▶ **AIM OF THE TASK**: The listing is to be printed word for word, pictures omitted.

--- PROVIDED DATA Enclosed Below ---

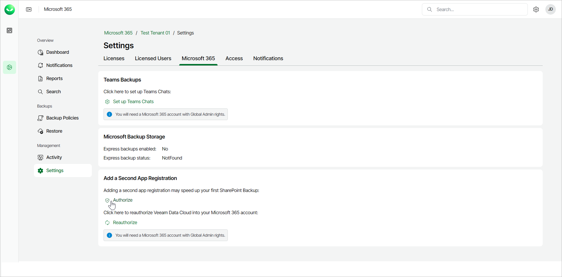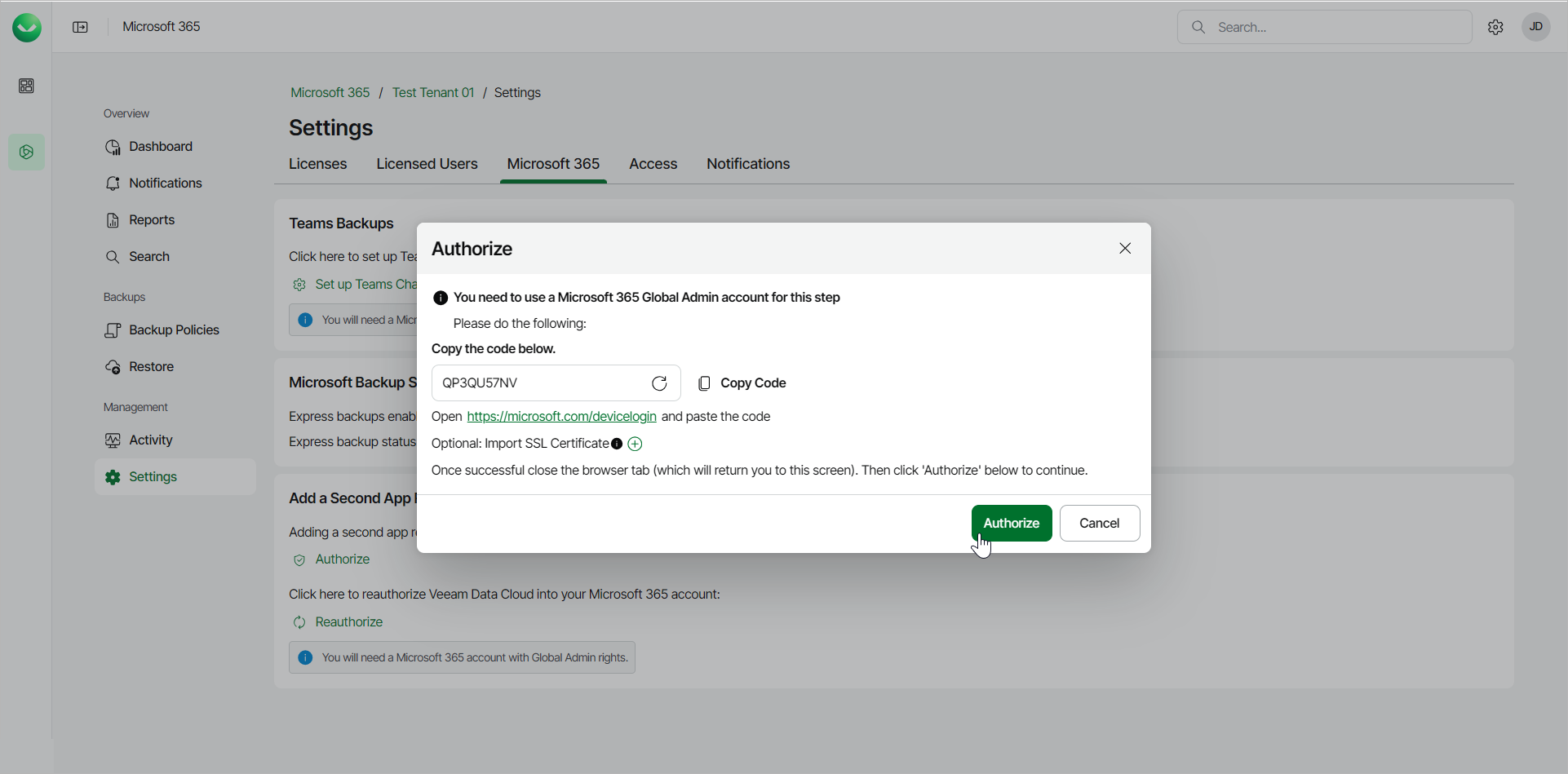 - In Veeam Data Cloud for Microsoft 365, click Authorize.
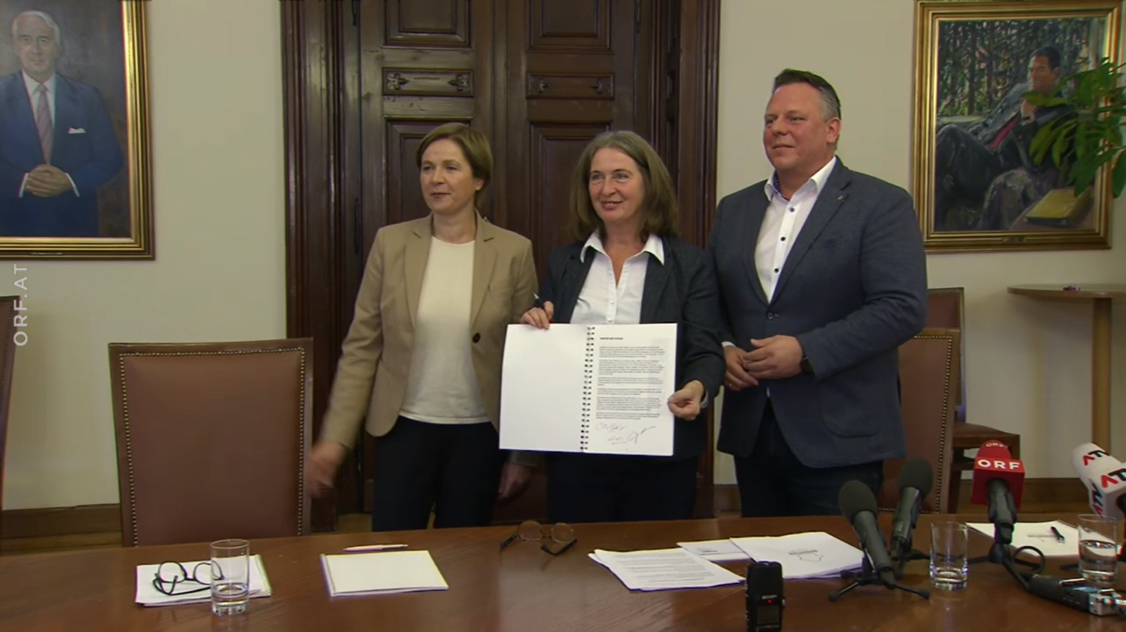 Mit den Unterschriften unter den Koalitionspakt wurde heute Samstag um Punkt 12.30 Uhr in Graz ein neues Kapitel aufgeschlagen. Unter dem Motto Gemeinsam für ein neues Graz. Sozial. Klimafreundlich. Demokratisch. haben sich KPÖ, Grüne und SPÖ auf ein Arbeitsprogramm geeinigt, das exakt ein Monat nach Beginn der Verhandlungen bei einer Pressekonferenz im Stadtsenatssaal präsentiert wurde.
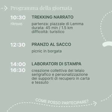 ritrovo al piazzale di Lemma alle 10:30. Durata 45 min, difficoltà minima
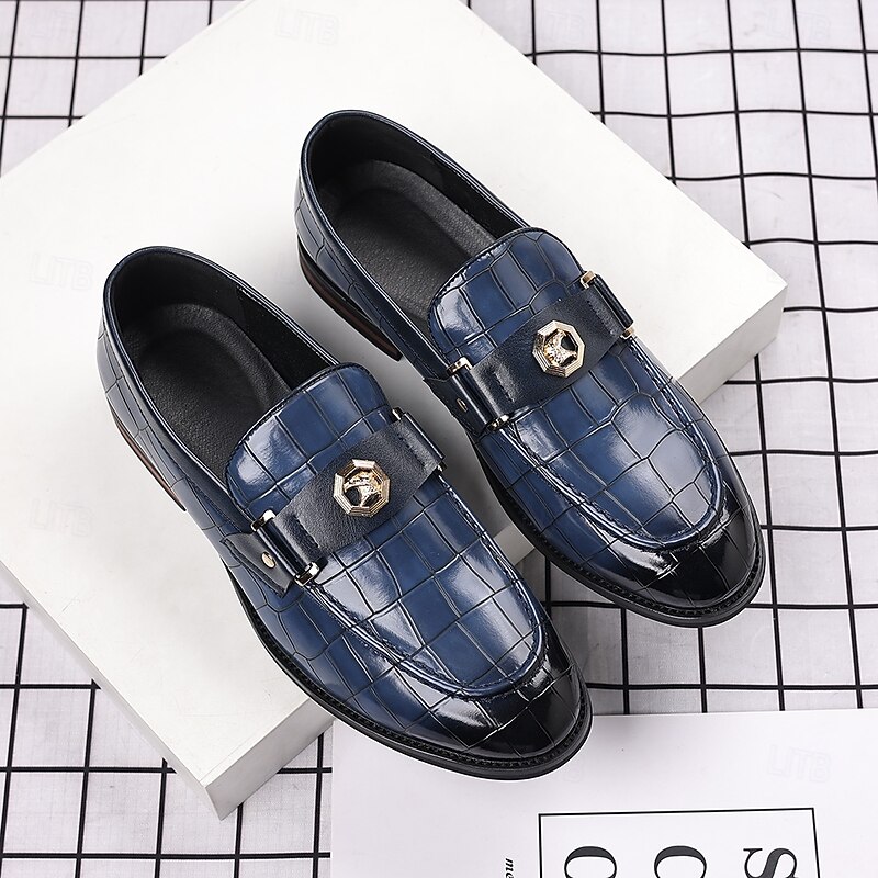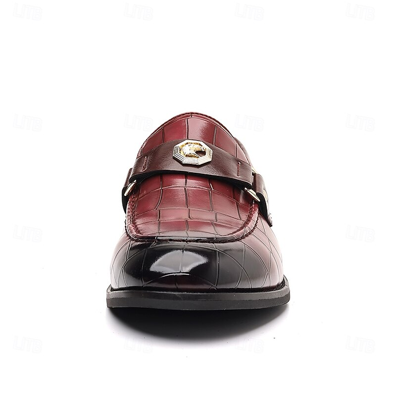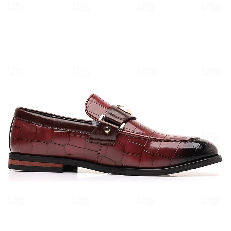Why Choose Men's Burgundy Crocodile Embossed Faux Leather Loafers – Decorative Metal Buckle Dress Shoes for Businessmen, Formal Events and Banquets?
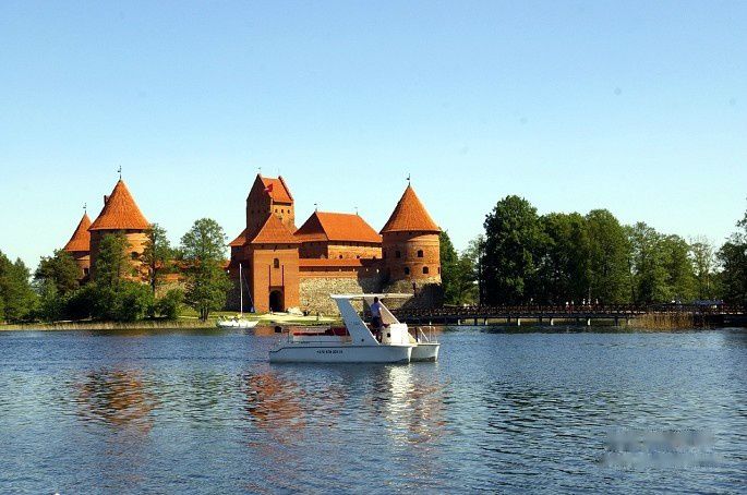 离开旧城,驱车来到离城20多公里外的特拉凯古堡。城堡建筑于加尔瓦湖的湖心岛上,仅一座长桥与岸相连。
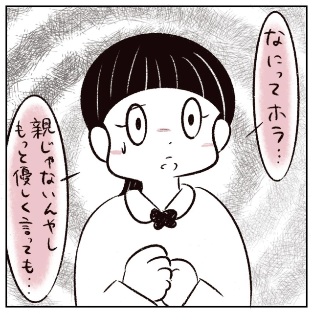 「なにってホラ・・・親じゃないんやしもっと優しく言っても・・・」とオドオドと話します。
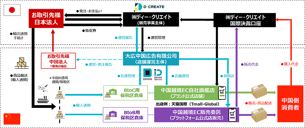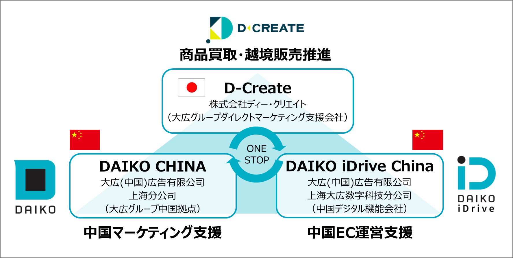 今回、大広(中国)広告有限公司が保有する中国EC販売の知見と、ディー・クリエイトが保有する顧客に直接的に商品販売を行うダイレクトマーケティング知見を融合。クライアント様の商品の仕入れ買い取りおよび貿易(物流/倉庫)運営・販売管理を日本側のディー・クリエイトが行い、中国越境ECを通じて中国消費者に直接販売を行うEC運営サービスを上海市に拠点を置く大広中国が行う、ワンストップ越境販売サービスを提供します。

--- End of Enclosed PROVIDED DATA ---

▶ **EXERCISE ANSWER**:
 - In Veeam Data Cloud for Microsoft 365, click Authorize.
 Mit den Unterschriften unter den Koalitionspakt wurde heute Samstag um Punkt 12.30 Uhr in Graz ein neues Kapitel aufgeschlagen. Unter dem Motto Gemeinsam für ein neues Graz. Sozial. Klimafreundlich. Demokratisch. haben sich KPÖ, Grüne und SPÖ auf ein Arbeitsprogramm geeinigt, das exakt ein Monat nach Beginn der Verhandlungen bei einer Pressekonferenz im Stadtsenatssaal präsentiert wurde.
 ritrovo al piazzale di Lemma alle 10:30. Durata 45 min, difficoltà minima
Why Choose Men's Burgundy Crocodile Embossed Faux Leather Loafers – Decorative Metal Buckle Dress Shoes for Businessmen, Formal Events and Banquets?
 离开旧城,驱车来到离城20多公里外的特拉凯古堡。城堡建筑于加尔瓦湖的湖心岛上,仅一座长桥与岸相连。
 「なにってホラ・・・親じゃないんやしもっと優しく言っても・・・」とオドオドと話します。
 今回、大広(中国)広告有限公司が保有する中国EC販売の知見と、ディー・クリエイトが保有する顧客に直接的に商品販売を行うダイレクトマーケティング知見を融合。クライアント様の商品の仕入れ買い取りおよび貿易(物流/倉庫)運営・販売管理を日本側のディー・クリエイトが行い、中国越境ECを通じて中国消費者に直接販売を行うEC運営サービスを上海市に拠点を置く大広中国が行う、ワンストップ越境販売サービスを提供します。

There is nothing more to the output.